Пока не было произнесено имя Вильфора, баронесса еще кое-как держа-
лась; по при этом имени она побледнела и, точно движимая какой-то пружи-
ной, встала, протянула руки, словно заклиная привидение, и шагнула к му-
жу, как бы желая вырвать у него последнее слово тайны, которой он сам не
знал или, быть может, из какогонибудь расчета, гнусного, как почти все
расчеты Данглара, не хотел окончательно выдать.
- Вильфор? Что это значит? Что вы хотите сказать?
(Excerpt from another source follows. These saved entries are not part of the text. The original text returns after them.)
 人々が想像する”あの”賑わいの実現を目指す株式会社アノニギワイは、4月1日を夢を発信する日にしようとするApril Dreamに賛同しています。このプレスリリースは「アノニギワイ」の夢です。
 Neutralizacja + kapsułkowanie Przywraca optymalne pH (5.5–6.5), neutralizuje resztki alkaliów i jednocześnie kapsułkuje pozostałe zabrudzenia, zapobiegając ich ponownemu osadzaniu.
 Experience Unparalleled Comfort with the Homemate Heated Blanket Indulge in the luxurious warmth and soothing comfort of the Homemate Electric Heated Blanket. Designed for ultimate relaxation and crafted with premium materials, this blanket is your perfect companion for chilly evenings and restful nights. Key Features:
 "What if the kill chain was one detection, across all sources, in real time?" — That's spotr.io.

- Это значит, сударыня, что господин де Наргон, ваш первый муж, не
будучи ни философом, ни банкиром, а быть может, будучи и тем и другим и
увидав, что не может извлечь никакой пользы из королевского прокурора,
умер от горя или гнева, застав вас после девятимесячного отсутствия на
шестом месяце беременности. Я груб, я не только знаю это, но горжусь
этим; это одно из средств, которыми я достигаю успеха в коммерческих
операциях. Почему, вместо того чтобы самому убить, он допустил, чтобы
его убили? Потому что у него не было капитала, который требовалось бы
защищать. А я принадлежу своему капиталу. По вине моего компаньона Дебрэ
я потерял семьсот тысяч франков. Пусть он внесет свою долю убытка, и мы
будем продолжать вести дело вместе; или же пусть объявит себя несостоя-
тельным должником этих ста семидесяти пяти тысяч франков и сделает то,
что делают банкроты: пусть исчезнет. Да, конечно, я знаю - это очарова-
тельный молодой человек, когда его сведения верны; но если они неверны,
то в обществе найдется пятьдесят других, которые стоят больше, чем он.
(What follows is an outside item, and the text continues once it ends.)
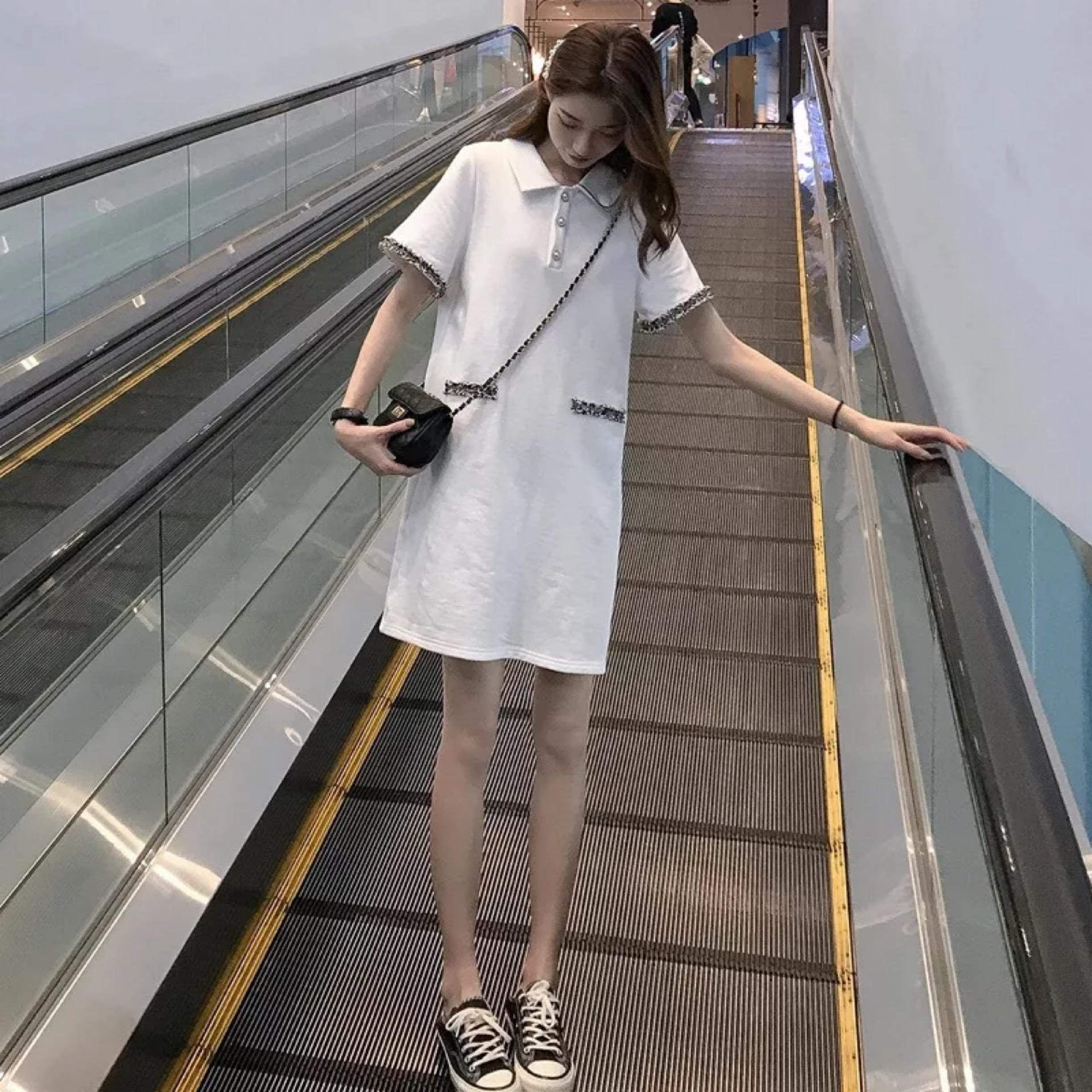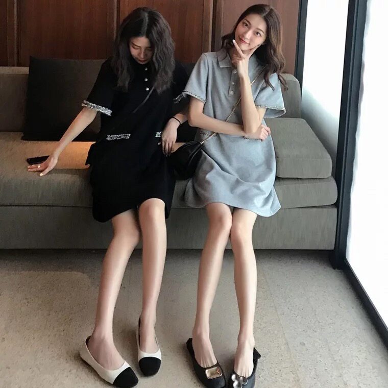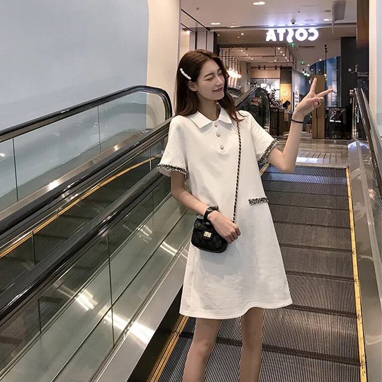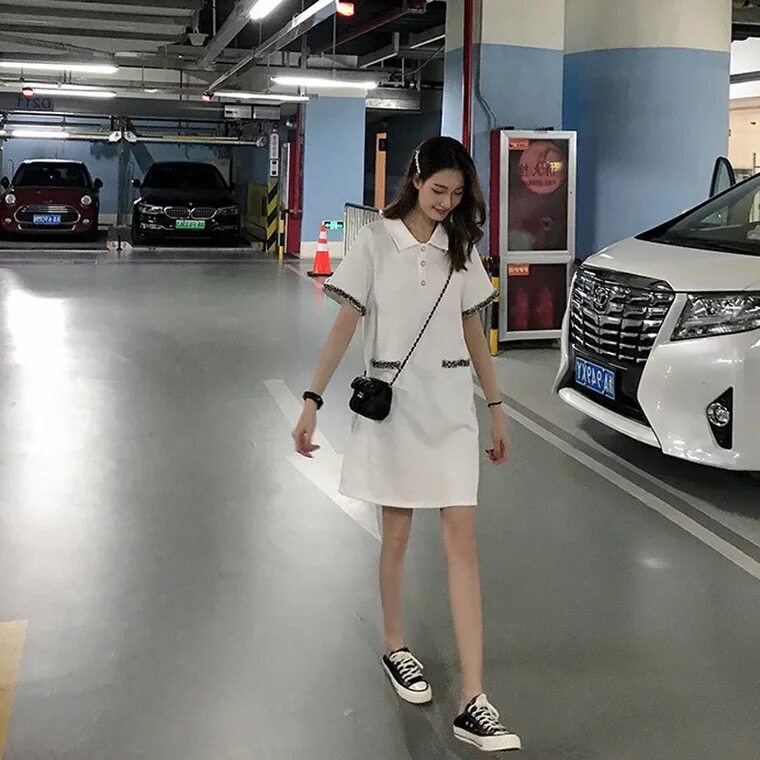 French small crowdsourced polo collar foreign dress 2019 new summer pop little fresher student a word dress egg

Госпожа Данглар была уничтожена; все же она сделала последнее усилие,
чтобы ответить на этот выпад. Она упала в кресло, думая о Вильфоре, о
том, что произошло за обедом, об этой странной цепи несчастий, которые в
последние дни одно за другим обрушивались на ее дом, превращая уютный
покой ее семейной жизни в неприличные ссоры.
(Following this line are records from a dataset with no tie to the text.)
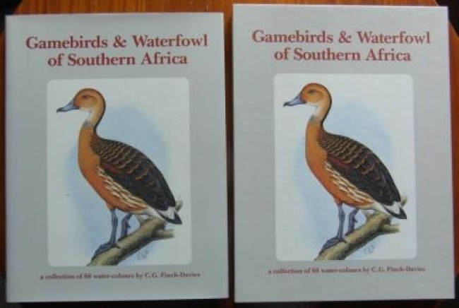 A collection of 68 watercolours by C.G.Finch-Davies. A limited edition # 401 of 5026. Slipcase and dust jacket Fine.190pp including list of benefactors. originally, the paintings were commissioned by Boyd Robert Horsbrugh, to illustrate his book "The Game Birds and Waterfowl of South AFrica", published in London in 1912. It was widely acclaimed and brought Finch-Davies recognition as an outstanding bird artist. All 68 illustrations are exceptional in that they have coloured backgrounds, whereas Finch-Davies's other paintings (numbering over 1000) have simple, pencilled in ones. This collection of originals came to light, through their donation to the Transvaal Museum, Pretoria by Boyd Horsbrugh's nephew who lives in USA. The text accompanying each plate has been compiled by Dr. Alan Kemp of the Transvaal Museum, providing a useful insight into the biology of the species covered in this work.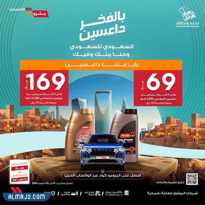 ุฅููู ุนุฑูุถ ุจุชุฑูู ูู ุงูููู ุงููุทูู 94 ูู ุนุฑูุถ ุนูู ุตูุงูุฉ ุงูุณูุงุฑุงุช ุจู ูุงุณุจุฉ ุงูููู ุงููุทูู ุงูุณุนูุฏูุ ุญูุซ ูุงู ุช ุดุฑูุฉ ุจุชุฑูู ูู ุจุงูุฅุนูุงู ุนู ู ุฌู ูุนุฉ ู ู ุงูุนุฑูุถ ุงูุชุงููุฉ: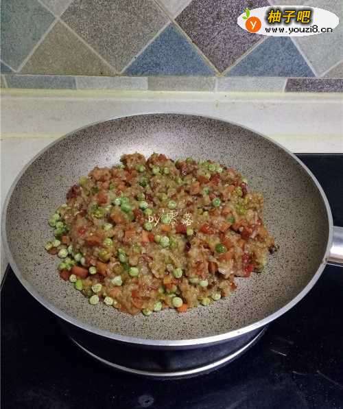 7放入糯米饭,翻炒均匀,这就是烧卖馅;

Данглар даже не взглянул на нее, хотя она изо всех сил старалась ли-
шиться чувств. Не сказав больше ни слова, он закрыл за собой дверь
спальни и прошел к себе; так что г-жа Данглар, очнувшись от своего полу-
обморока, могла подумать, что ей приснился дурной сон.


    IX. БРАЧНЫЕ ПЛАНЫ



На следующий день после этой сцены, в тот час, когда Дебрэ по дороге
в министерство обычно заезжал к г-же Данглар, его карета не въехала во
двор.
В этот самый час, а именно в половине первого, г-жа Данглар приказала
подать экипаж и выехала из дому.
Данглар, спрятавшись за занавеской, следил за этим отъездом, которого
он ожидал. Он распорядился, чтобы ему доложили, как только г-жа Данглар
вернется, но и к двум часам она еще не вернулась.
В два часа он потребовал лошадей, поехал в Палату и записался в число
ораторов, собиравшихся возражать против бюджета.
От двенадцати до двух Данглар безвыходно сидел у себя в кабинете, все
более хмурясь, читал депеши, подсчитывал бесконечные цифры и принимал
посетителей, в том числе майора Кавальканти, который, как всегда, багро-
вый, чопорный и пунктуальный, явился в условленный накануне час, чтобы
покончить свои дела с банкиром.
Выйдя из Палаты, Данглар, во время заседания чрезвычайно волновавший-
ся и резче, чем когда-либо, нападавший на министерство, сел в свой эки-
паж и велел кучеру ехать на авеню Елисейских Полей, N 30.
Монте-Кристо был дома, но у него кто-то сидел, и он попросил Данглара
подождать несколько минут в гостиной.
Пока банкир сидел в ожидании, дверь отворилась и вошел человек в
одежде аббата; будучи, по-видимому, короче знаком с хозяином, он не ос-
тался ждать, как Данглар, а поклонился ему, прошел во внутренние комнаты
и скрылся.
Почти сейчас же та дверь, за которой исчез священник, открылась сно-
ва, и появился Монте-Кристо.
- Простите, дорогой барон, - сказал он. - Видите ли, в Париж только
что прибыл один из моих добрых друзей, аббат Бузони; вы, вероятно, заме-
тили его, он здесь проходил. Мы давно не видались, и у меня не хватило
духу сразу же с ним расстаться. Надеюсь, вы меня поймете и извините, что
я заставил вас ждать.
- Помилуйте, - сказал Данглар, - это так естественно; я попал не вов-
ремя и сейчас же удалюсь.
- Ничего подобного, напротив, присаживайтесь, пожалуйста. Но, боже
правый, что это с вами? У вас такой озабоченный вид; вы меня просто пу-
гаете. Опечаленный капиталист подобен комете, он тоже всегда предвещает
миру несчастье.
- Дело в том, дорогой граф, что меня уже несколько дней преследуют
неудачи, и я все время получаю дурные вести.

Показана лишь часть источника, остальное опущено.